--- START ---

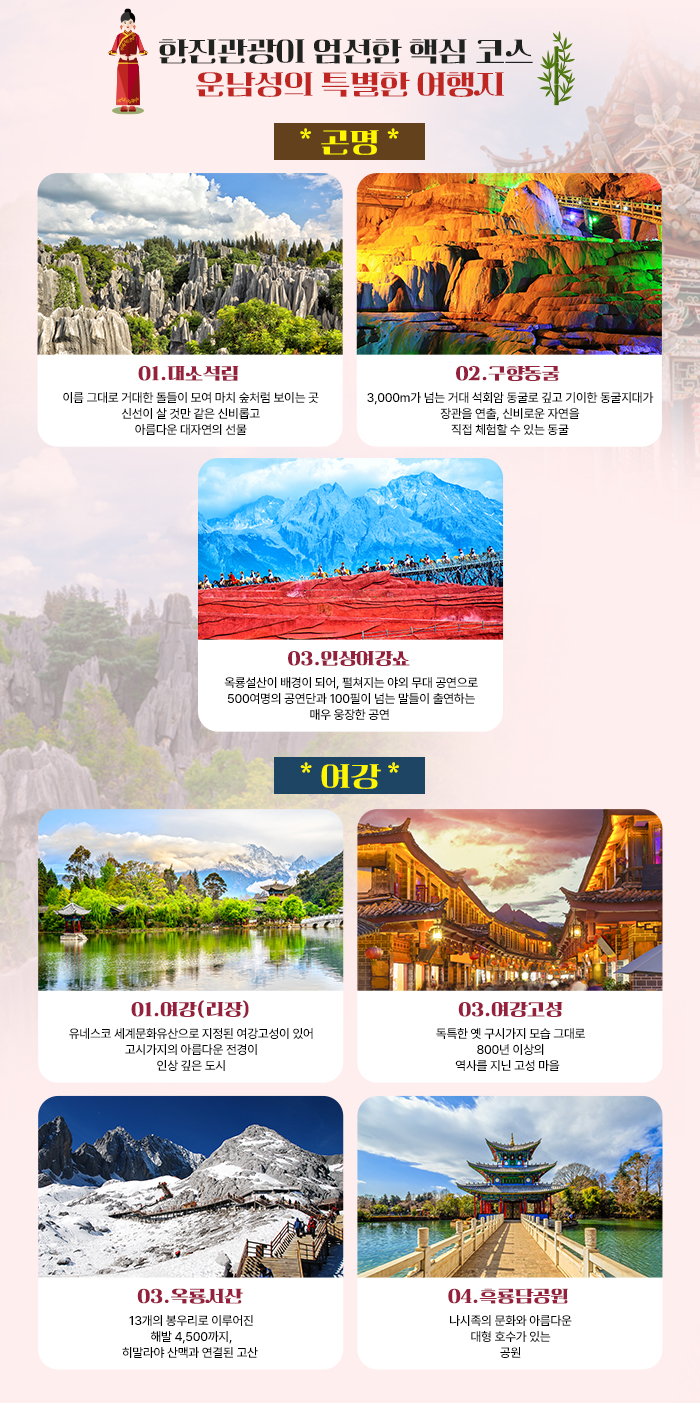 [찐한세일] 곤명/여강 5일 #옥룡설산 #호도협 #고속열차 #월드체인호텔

--- END ---
--- START ---

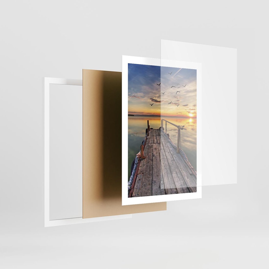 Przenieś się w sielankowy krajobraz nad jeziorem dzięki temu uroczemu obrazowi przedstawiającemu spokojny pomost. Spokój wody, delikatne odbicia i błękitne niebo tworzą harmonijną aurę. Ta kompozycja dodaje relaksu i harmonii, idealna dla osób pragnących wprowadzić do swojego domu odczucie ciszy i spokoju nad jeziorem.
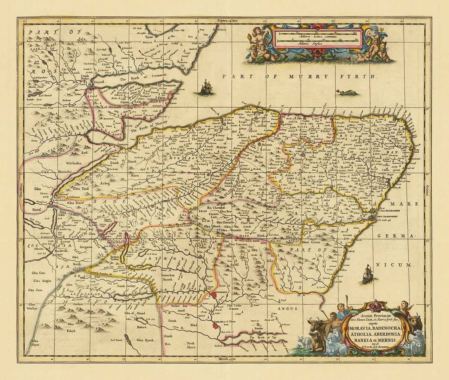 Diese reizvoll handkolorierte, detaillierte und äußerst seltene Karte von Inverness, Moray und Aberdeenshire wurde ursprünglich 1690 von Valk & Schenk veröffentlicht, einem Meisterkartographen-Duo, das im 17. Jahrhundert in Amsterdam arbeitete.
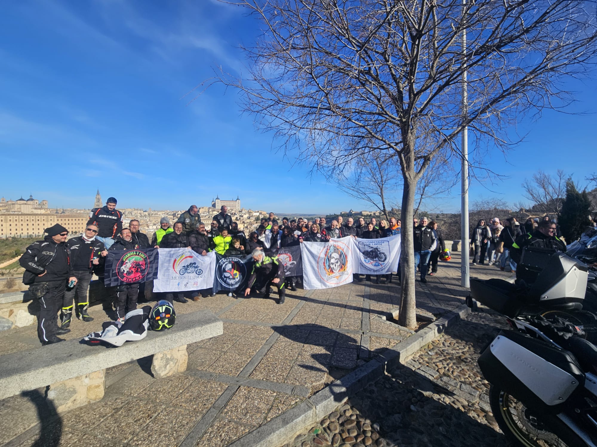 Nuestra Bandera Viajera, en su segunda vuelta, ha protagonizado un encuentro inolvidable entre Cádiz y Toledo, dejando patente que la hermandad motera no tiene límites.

--- END ---
--- START ---

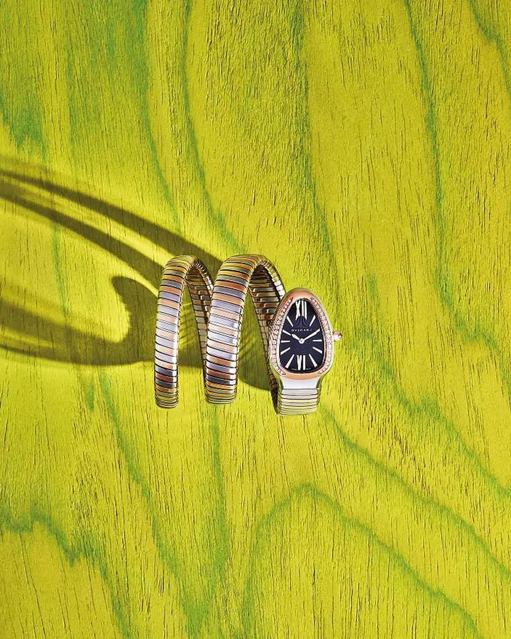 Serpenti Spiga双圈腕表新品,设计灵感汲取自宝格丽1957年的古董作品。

--- END ---

* Work instruction *
Please print the lines above word for word, starting at the one with "Diese reizvoll handkolorierte, detaillierte" and ending at the one with "Nuestra Bandera Viajera, en", both included, and without any picture.

* Task answer *
 Diese reizvoll handkolorierte, detaillierte und äußerst seltene Karte von Inverness, Moray und Aberdeenshire wurde ursprünglich 1690 von Valk & Schenk veröffentlicht, einem Meisterkartographen-Duo, das im 17. Jahrhundert in Amsterdam arbeitete.
 Nuestra Bandera Viajera, en su segunda vuelta, ha protagonizado un encuentro inolvidable entre Cádiz y Toledo, dejando patente que la hermandad motera no tiene límites.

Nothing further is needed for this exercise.